## [WHAT NEEDS TO BE DONE]
From the line that holds "จะพยายามออกกำลังกายเบาๆทุกวันให้กลับมาเต็ม 100 อีกครั้ง" down to the last line of the listing below, reproduce each line exactly and nothing more, omitting pictures.

=== INFORMATION PROVIDED ===

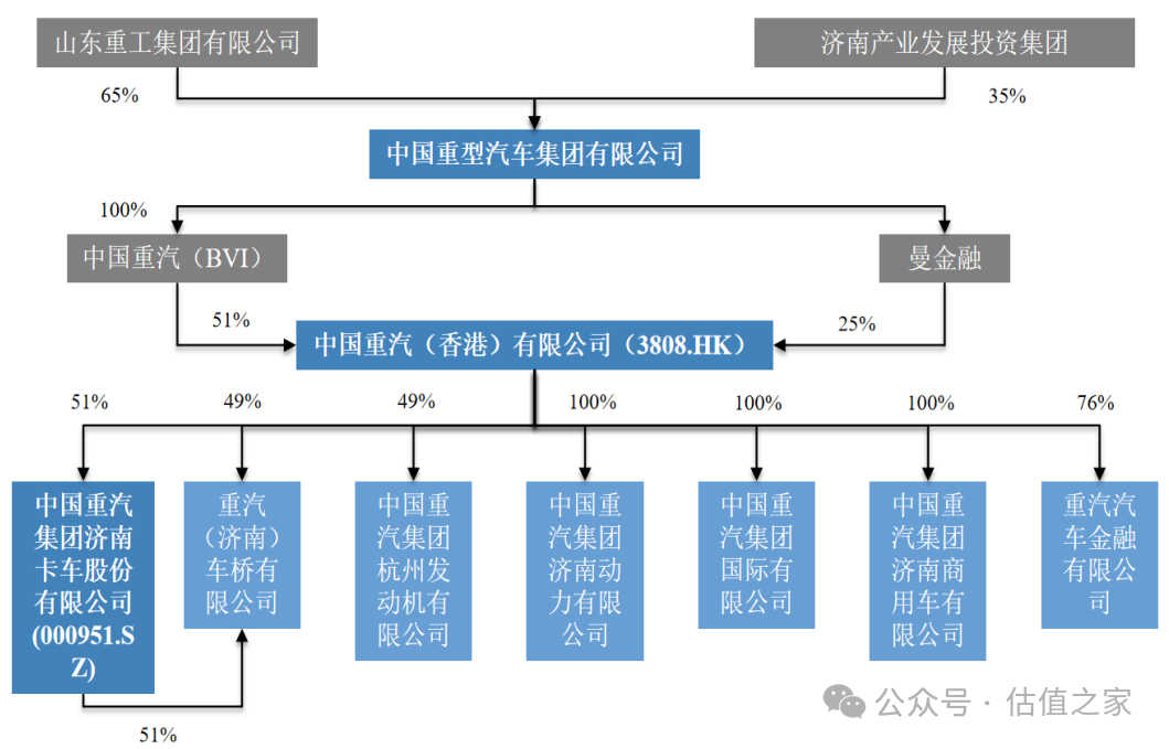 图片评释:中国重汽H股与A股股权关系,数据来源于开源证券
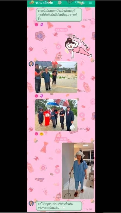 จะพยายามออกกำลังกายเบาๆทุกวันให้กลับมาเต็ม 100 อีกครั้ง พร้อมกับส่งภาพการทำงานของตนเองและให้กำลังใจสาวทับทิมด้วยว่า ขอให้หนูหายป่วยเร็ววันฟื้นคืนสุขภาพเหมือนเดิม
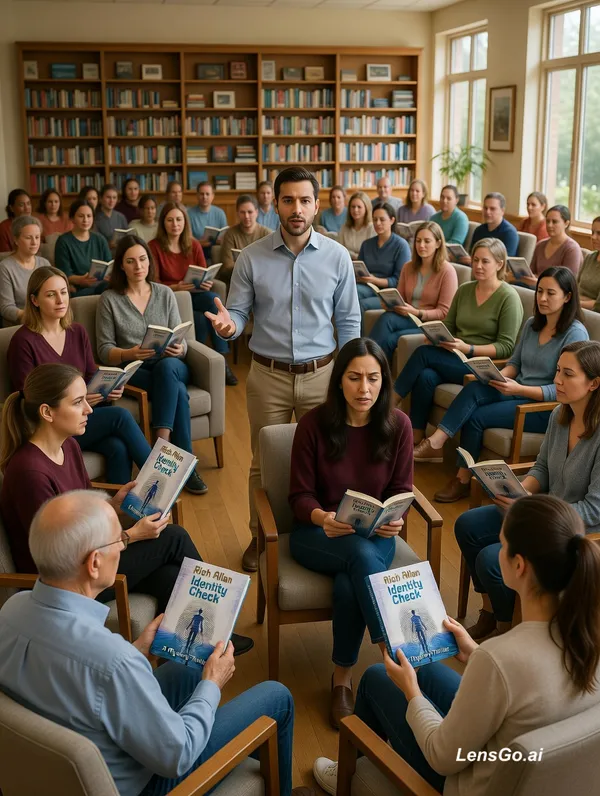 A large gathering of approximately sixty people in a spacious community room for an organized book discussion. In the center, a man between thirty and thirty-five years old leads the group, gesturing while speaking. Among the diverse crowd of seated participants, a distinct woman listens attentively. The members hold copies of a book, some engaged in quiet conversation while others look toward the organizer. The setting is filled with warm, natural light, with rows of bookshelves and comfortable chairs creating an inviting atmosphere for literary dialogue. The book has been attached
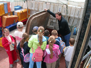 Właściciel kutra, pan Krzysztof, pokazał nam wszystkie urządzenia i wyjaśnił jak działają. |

===

## [SOLUTION TO THIS EXERCISE]
 จะพยายามออกกำลังกายเบาๆทุกวันให้กลับมาเต็ม 100 อีกครั้ง พร้อมกับส่งภาพการทำงานของตนเองและให้กำลังใจสาวทับทิมด้วยว่า ขอให้หนูหายป่วยเร็ววันฟื้นคืนสุขภาพเหมือนเดิม
 A large gathering of approximately sixty people in a spacious community room for an organized book discussion. In the center, a man between thirty and thirty-five years old leads the group, gesturing while speaking. Among the diverse crowd of seated participants, a distinct woman listens attentively. The members hold copies of a book, some engaged in quiet conversation while others look toward the organizer. The setting is filled with warm, natural light, with rows of bookshelves and comfortable chairs creating an inviting atmosphere for literary dialogue. The book has been attached
 Właściciel kutra, pan Krzysztof, pokazał nam wszystkie urządzenia i wyjaśnił jak działają. |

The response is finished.